There are different types of ankle locks, this might help if you are going for a straight ankle lock, if that's not what you are trying can you describe it in a little more detail?

http://grapplearts.com/Ankle-Lock-Breakdown.htm


----------



## T.Durden (May 30, 2006)

basically i put a key lock on his foot and twisted...it hurt like heck because he jumpped and tapped and all that, but i have had a real ankle lock thrown on me and i know it's effect..so from the diagram you apply pressure on the tenden as well as bending the foot back?


----------



## D Dempsey (May 30, 2006)

It sounds more like you did a toe hold then an ankle lock.  For a good ankle lock you should trap and contol you opponents leg wil your knees similar to an armbar.  Once you have the ankle in the pit of your arm sinch up on it and roll you shoulder up and back.  The other person should start tapping real quick.


----------



## matt.m (May 30, 2006)

Ankle locks are my favorite.  Really if you leg scissor the quad and hamstring, get a good torque on the ball of the foot and heel and hook it up dog.


----------



## Andrew Green (May 30, 2006)

T.Durden said:
			
		

> basically i put a key lock on his foot and twisted...it hurt like heck because he jumpped and tapped and all that, but i have had a real ankle lock thrown on me and i know it's effect..so from the diagram you apply pressure on the tenden as well as bending the foot back?



You mean this sort of lock then?

http://martialtalk.com/forum/showthread.php?t=29370


----------



## T.Durden (May 30, 2006)

yeah man! thats exactly what I did!! it was a toe lock!!  only I was laying down on my back with his leg pinned with both my legs


so step by step

an ankle lock has his foot under neath my arm, my wrist under neath his tenden and then lean back while applying pressure on the actual ankle, securing his qauds with both my legs..causing a hyperextention? without actually having a partner, where is the pain supposed to generate? from the bone or from the actual tendons or both?


----------



## Andrew Green (May 30, 2006)

There are many ways to apply each, but essentially yes, a straight ankle lock is hyperextending the ankle, a toelock does it with a twist.  You'll feel it in your ankle.

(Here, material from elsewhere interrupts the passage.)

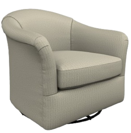 Effortlessly glide in this contemporary barrel chair. Available as a swivel chair or swivel glider, this unit has a reversible seat cushion and a slightly rounded arm with a smooth, pulled-over back. The back is also slightly taller than most barrel chairs.Read More

There are also compression locks where you compress the calf or the Achilles tendon rather then trying to extend the ankle, you'll get very different results on different people with those though


----------



## T.Durden (May 30, 2006)

thank you very much! I'm going to throw this on my partners and then come back with more questions. this forums is extremly helpful!


----------



## Andrew Green (May 30, 2006)

Just be careful, ankle locks are a little dangerous when you are new, make sure you control the leg, apply slow and relax it if he starts trying to pull out, no sense poping a partners ankle out (which happens failry easily when applied right)


----------



## Flatlander (May 31, 2006)

Very nice.  I like it.


----------



## WilliamJ (Jun 8, 2006)

Seriously, unless you have competent instruction don't go leg locking your buddies. If you turn the wrong way and it twists the knee you have some serious trouble. Heel hooks do not really hurt until it's too late. And nobody likes walking on crutches.


----------



## tgeer19 (Mar 23, 2017)

would someone put me in and ankle lock with ruthless agression


----------



## tgeer19 (Mar 23, 2017)

T.Durden said:


> thank you very much! I'm going to throw this on my partners and then come back with more questions. this forums is extremly helpful!


you can put it on me


----------